--- TASK MATERIAL Enclosed Below ---

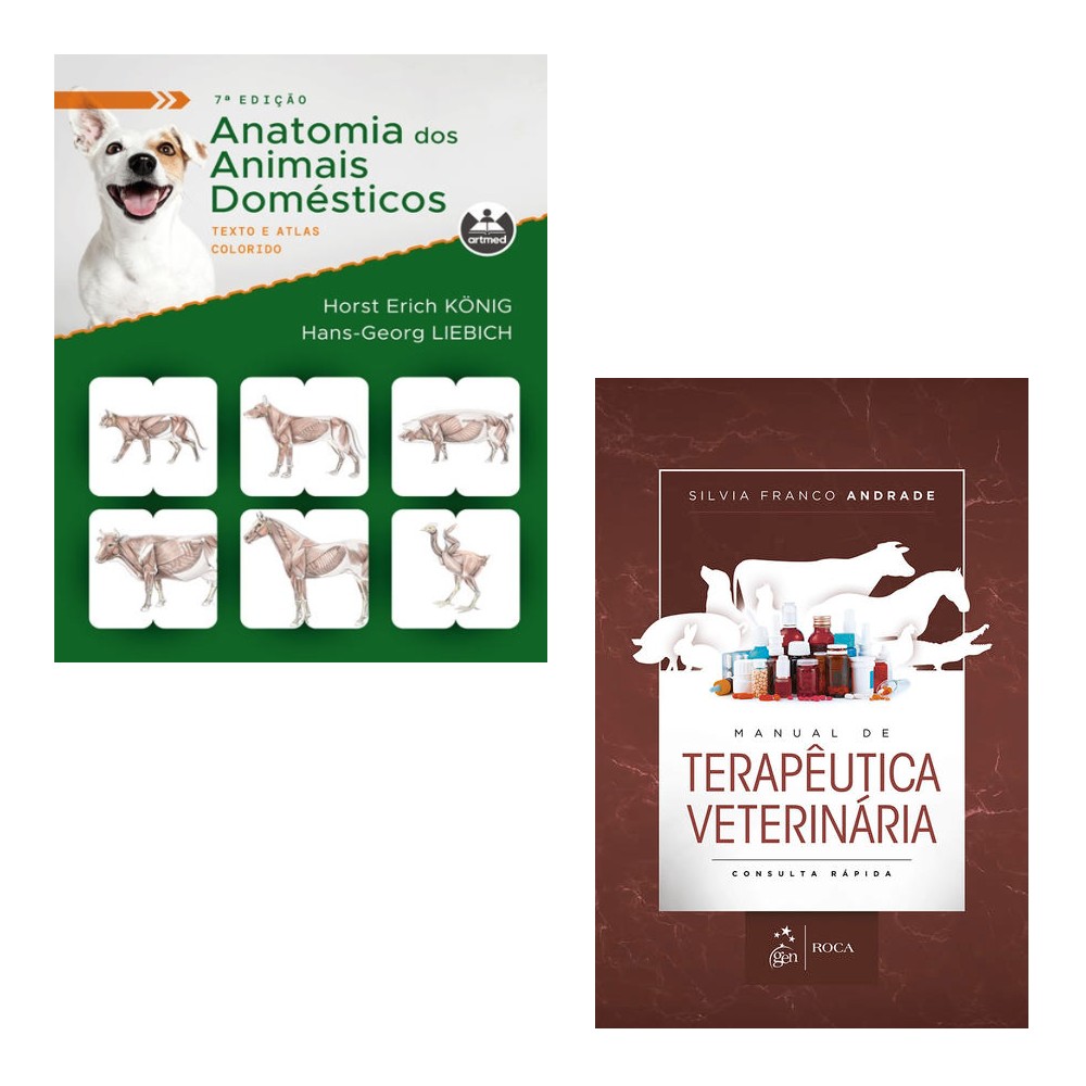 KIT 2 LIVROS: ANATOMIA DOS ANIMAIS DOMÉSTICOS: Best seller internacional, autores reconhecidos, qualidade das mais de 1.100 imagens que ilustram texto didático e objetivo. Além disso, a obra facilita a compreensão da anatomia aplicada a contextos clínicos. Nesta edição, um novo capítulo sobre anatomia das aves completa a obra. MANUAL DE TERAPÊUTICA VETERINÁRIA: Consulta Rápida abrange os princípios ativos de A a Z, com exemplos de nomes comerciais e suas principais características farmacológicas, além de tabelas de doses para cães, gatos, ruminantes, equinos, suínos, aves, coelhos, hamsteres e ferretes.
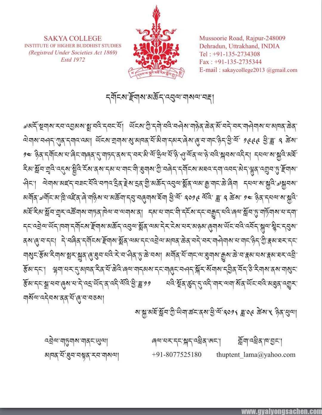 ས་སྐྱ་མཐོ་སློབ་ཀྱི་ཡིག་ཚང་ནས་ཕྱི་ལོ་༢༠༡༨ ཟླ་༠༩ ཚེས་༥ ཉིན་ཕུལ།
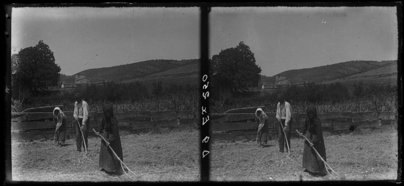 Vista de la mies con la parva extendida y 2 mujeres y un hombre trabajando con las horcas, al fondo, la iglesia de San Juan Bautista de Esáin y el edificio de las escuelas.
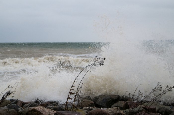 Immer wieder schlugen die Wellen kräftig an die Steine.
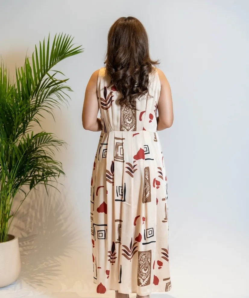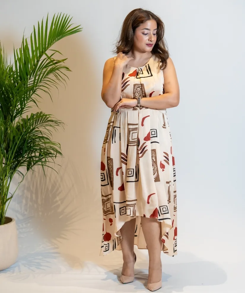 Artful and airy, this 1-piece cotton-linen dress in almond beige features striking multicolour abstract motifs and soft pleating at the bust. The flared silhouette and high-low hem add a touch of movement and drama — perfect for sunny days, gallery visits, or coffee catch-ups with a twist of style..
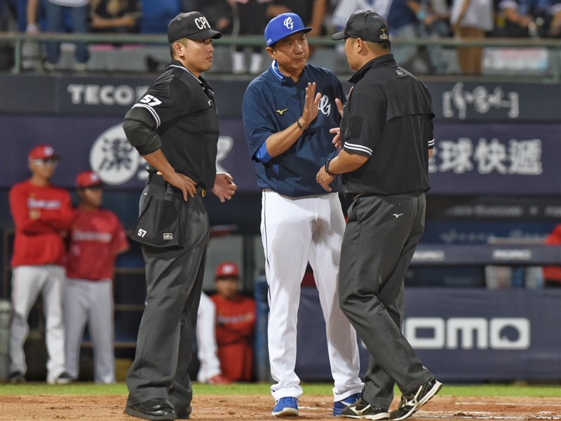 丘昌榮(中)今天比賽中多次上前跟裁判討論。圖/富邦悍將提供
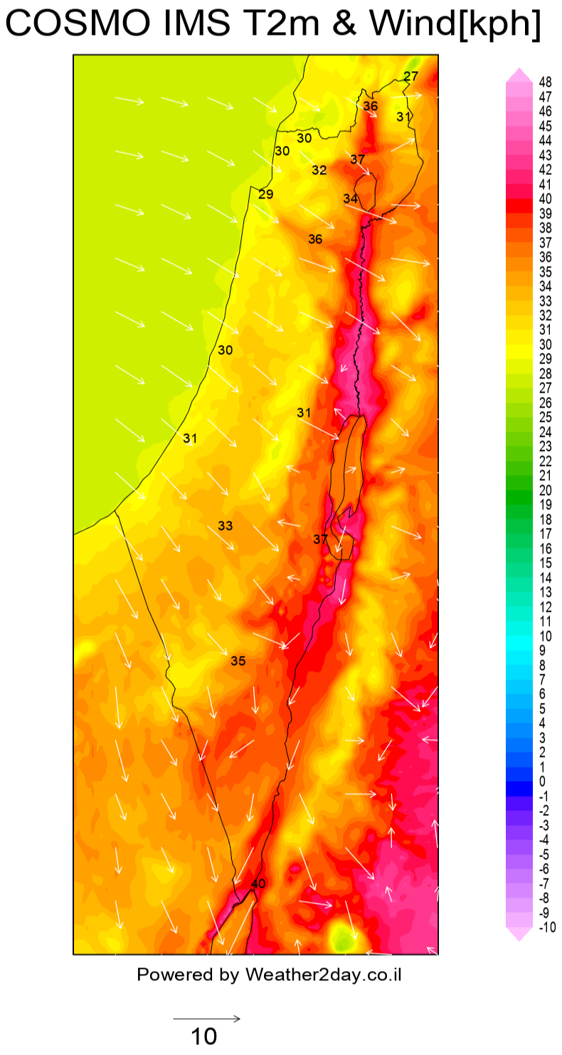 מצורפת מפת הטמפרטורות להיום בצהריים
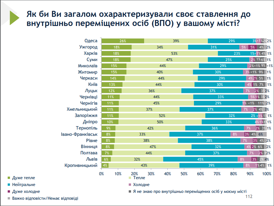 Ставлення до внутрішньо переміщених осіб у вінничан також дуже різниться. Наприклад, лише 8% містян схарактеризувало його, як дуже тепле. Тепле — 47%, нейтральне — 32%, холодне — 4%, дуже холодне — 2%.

--- End of Enclosed TASK MATERIAL ---

## WHAT TO WORK ON
The response should consist of the lines above from the first through the one containing "Immer wieder schlugen", transcribed exactly, with every picture left out.

## WRITTEN SOLUTION
 KIT 2 LIVROS: ANATOMIA DOS ANIMAIS DOMÉSTICOS: Best seller internacional, autores reconhecidos, qualidade das mais de 1.100 imagens que ilustram texto didático e objetivo. Além disso, a obra facilita a compreensão da anatomia aplicada a contextos clínicos. Nesta edição, um novo capítulo sobre anatomia das aves completa a obra. MANUAL DE TERAPÊUTICA VETERINÁRIA: Consulta Rápida abrange os princípios ativos de A a Z, com exemplos de nomes comerciais e suas principais características farmacológicas, além de tabelas de doses para cães, gatos, ruminantes, equinos, suínos, aves, coelhos, hamsteres e ferretes.
 ས་སྐྱ་མཐོ་སློབ་ཀྱི་ཡིག་ཚང་ནས་ཕྱི་ལོ་༢༠༡༨ ཟླ་༠༩ ཚེས་༥ ཉིན་ཕུལ།
 Vista de la mies con la parva extendida y 2 mujeres y un hombre trabajando con las horcas, al fondo, la iglesia de San Juan Bautista de Esáin y el edificio de las escuelas.
 Immer wieder schlugen die Wellen kräftig an die Steine.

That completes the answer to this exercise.